The SEC's complaint reveals that Cumberland has been operating as an unregistered dealer since at least March 2018, engaging in the purchase and sale of crypto assets that should be treated as securities under federal law. Cumberland allegedly carried out these activities as part of its regular business without registering with the SEC, violating the requirements of the Securities Exchange Act of 1934.

The firm, which claims to be "one of the world’s leading liquidity providers" in the crypto market, has been offering liquidity in various digital assets by buying and selling them for its own accounts. According to the SEC, Cumberland’s public-facing operations include 24/7 trading with counterparties through both traditional means, such as telephone, and via its online platform, Marea.

The SEC contends that these crypto assets were offered and sold as investment contracts on third-party crypto exchanges, which further necessitated registration under federal securities law. By failing to register, Cumberland is accused of sidestepping the requirements designed to protect investors from undue risk and ensure transparency in the markets.

Federal Securities Law Requirements

The SEC’s Acting Chief of the Crypto Assets and Cyber Unit (CACU), Jorge G. Tenreiro, emphasized the importance of compliance with registration rules in the rapidly evolving crypto asset market.

He stated, "The federal securities laws require all dealers in all securities to register with the Commission, and those who operate in the crypto asset markets are no exception." Tenreiro added that, despite the industry’s frequent protests that crypto assets are more akin to commodities than securities, the SEC’s complaint makes it clear that the offer and sale of these assets to investors fall under securities regulation.
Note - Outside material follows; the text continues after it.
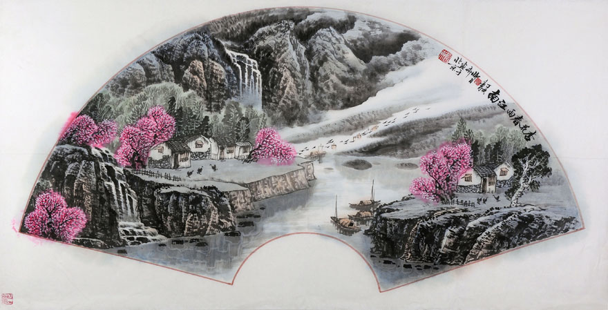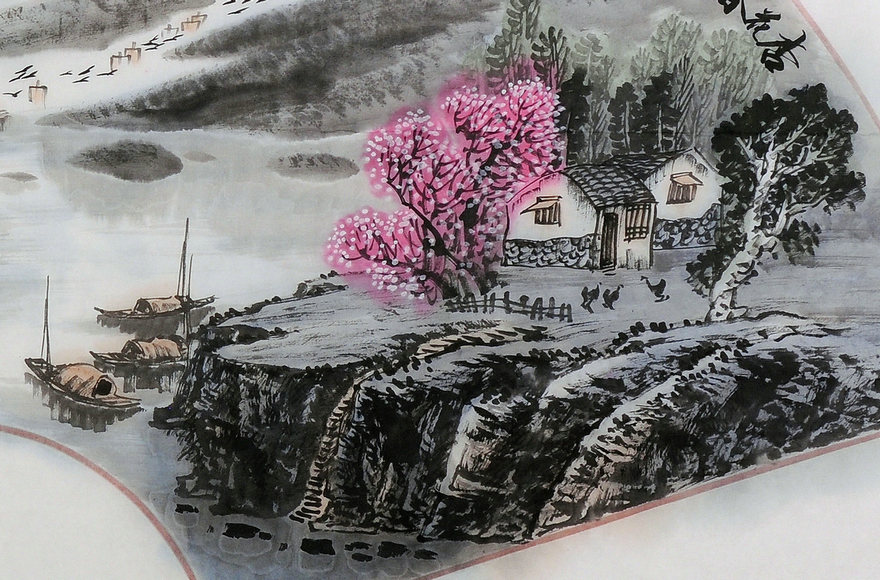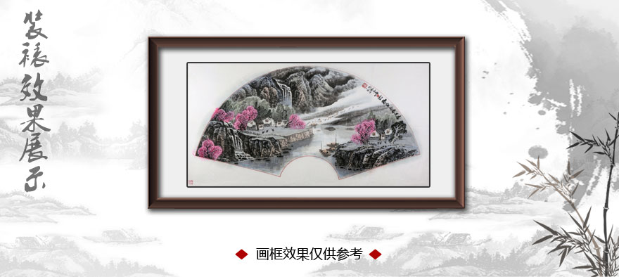 整幅画场景开阔格调淡雅,给人的感觉富有文艺气息,景物虚实结合,山石树木房屋建筑等都是实写,而河流云雾都是虚写或留白来展示,虚实结合展现了高超的绘画技巧。

He also noted that Cumberland profited from its activities without registering as a dealer, denying investors the protections afforded by registration.

The SEC's complaint, filed in the U.S. District Court for the Northern District of Illinois, charges Cumberland with violating Section 15(a) of the Securities Exchange Act of 1934. The Commission is seeking several remedies, including:

  • Permanent injunctive relief to prevent Cumberland from continuing its unregistered activities.
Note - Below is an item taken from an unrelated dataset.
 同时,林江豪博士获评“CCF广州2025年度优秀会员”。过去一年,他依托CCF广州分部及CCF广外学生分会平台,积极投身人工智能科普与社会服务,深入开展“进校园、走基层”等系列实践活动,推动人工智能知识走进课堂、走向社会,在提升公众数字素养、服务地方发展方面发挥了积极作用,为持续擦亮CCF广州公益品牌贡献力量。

  • Disgorgement of all ill-gotten gains, including prejudgment interest.

  • Civil penalties to serve as a deterrent against future violations.

The SEC’s investigation was conducted by the Market Abuse Unit, with significant contributions from Andrew McFall and Kathleen Hitchins, who were supervised by Amy Flaherty Hartman, Paul Kim, and Jorge Tenreiro of the CACU. The litigation will be led by Christopher Martin and Timothy Stockwell, with oversight from Jack Kaufman and Tenreiro.

Industry Implications

This case underscores the SEC's ongoing crackdown on unregistered dealers in the crypto market. In recent years, the Commission has taken an increasingly active stance in regulating crypto assets, which it considers securities in many instances. This has brought heightened scrutiny to firms that trade digital assets, as they are required to comply with the same regulations as traditional securities dealers.
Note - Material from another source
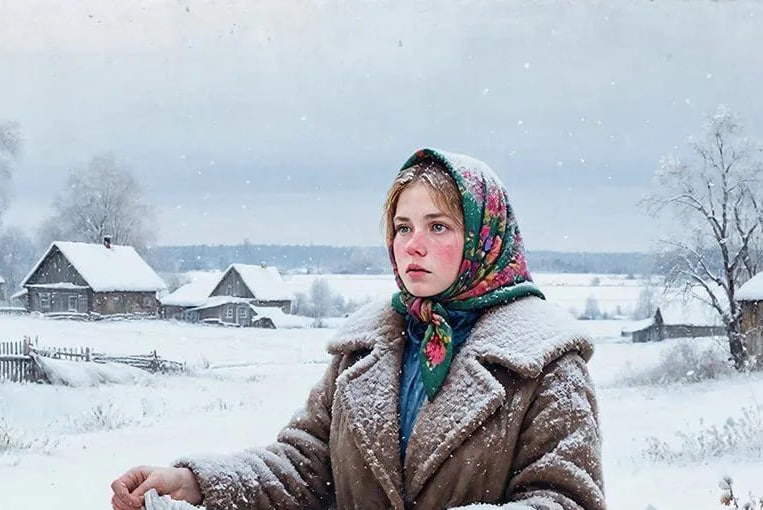 Это была Зина, подружка Оли - бойкая и весёлая девушка. Её тулуп, несмотря на мороз, был нараспашку, а русые кудряшки выбивались из-под цветастого платка.
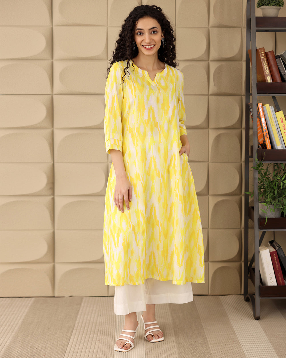A vibrant lime yellow A-line kurta with a beautiful print, paired with white flared trousers for a chic and fresh look. Made from breathable cotton for comfort all day long.

While the crypto industry has long contended that many digital assets are commodities, the SEC has maintained that investment contracts involving digital assets fall under its purview. The regulator’s actions, such as the case against Cumberland, signal a continued effort to bring the crypto markets into compliance with existing federal securities laws.

What’s Next for Cumberland DRW?

The litigation marks a critical moment for Cumberland DRW, one of the major liquidity providers in the global crypto space. The firm faces substantial penalties and could be required to halt its trading activities until it complies with SEC registration requirements.

For other firms operating in the crypto markets, this case serves as a strong reminder that the SEC is vigilant in enforcing the rules around crypto assets, and that failure to register as a dealer in securities can result in significant legal and financial consequences.

Conclusion

The SEC’s charges against Cumberland DRW LLC highlight the ongoing regulatory efforts to ensure that crypto asset markets operate within the framework of federal securities laws. By taking action against unregistered dealers, the SEC aims to protect investors from undue risk and ensure transparency and accountability in these fast-growing markets. This case serves as a clear warning to other crypto firms that operating without proper registration can lead to significant legal and financial penalties. As the crypto industry continues to evolve, compliance with securities regulations will be critical to ensuring its long-term stability and legitimacy in the broader financial ecosystem.

Source: https://www.sec.gov/

Cumberland tweeted the reply to SEC charges on X. The company said that “we are ready to defend ourselves again”.